14:56 karolherbst: apparently there are applications binding the same image like 128 times to different kernel args
14:57 karolherbst: I mean it's an application bug
14:57 karolherbst: but I also kinda wanted to optimize the binding model I'm currently using, because rebinding things on each launch is also kinda annoying
14:57 karolherbst: but maybe that's fine
14:59 karolherbst: at least the indirect/handle would be uniform always
14:59 alyssa: i'm not sure this is actually an optimization on all hw
14:59 karolherbst: me neither
15:00 karolherbst: I don't have concrete plans to do either, just thinking out loud
15:00 karolherbst: however, I was considering using bindless to bind more images than the driver/hardware supports
15:00 karolherbst: like the first 32 could be bound, and if the kernel uses more, they are bindless
15:01 karolherbst: like only the additional ones
15:02 karolherbst: some applications depend on a FULL_PROFILE and that means 128 samplers and 64 images
15:05 alyssa: make it the gallium driver's problem to advertise enough images then
15:05 alyssa: since we already implement that bindless fallback internally
15:05 alyssa: and juggling both the internal one and the state tracker one is a mess
15:05 alyssa: as robclark mentioned
15:07 karolherbst: It's good enough for me if driver wants to deal with it internally
15:30 robclark: hmm, I guess I could emulate a higher limit with bindless internally.. an only advertise the higher virtual limits for compute shaders
17:23 karolherbst: that would work, yeah
19:26 alyssa: is there an env var to bypass the shader cache for fossilize-replay?
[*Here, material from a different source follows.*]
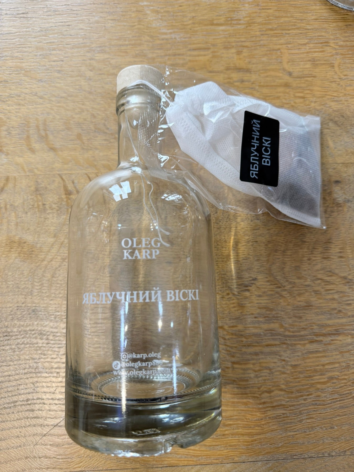 Набір для створення м’якого яблучного віскі з виразними фруктовими нотами. У комплекті брендована пляшка OLEG KARP та фільтр-пакет зі спеціями й компонентами, які формують теплий аромат стиглого яблука, легку деревність і округлий смак.

19:27 alyssa: oh MESA_SHADER_CACHE_DISABLE=true works for vk too ok
19:34 dj-death: alyssa: I use VK_ENABLE_PIPELINE_CACHE=0
19:34 alyssa: ooh nice
19:34 alyssa: thx
19:45 anholt: we should probably set one of those in fossil_replay.sh
19:53 alyssa: anholt: possibly although in this case I was hitting fossilize-replay directly to grab a disassembly of an affected shader
19:53 alyssa: but of course there was no disasm the second time around because it was hot
19:57 pendingchaos: last I checked, fossil_replay.sh was faster with pipeline caching
19:59 alyssa: i might be holding it wrong
19:59 anholt: hmm, yeah, guess I haven't had trouble with shader status going missing with it due to caches.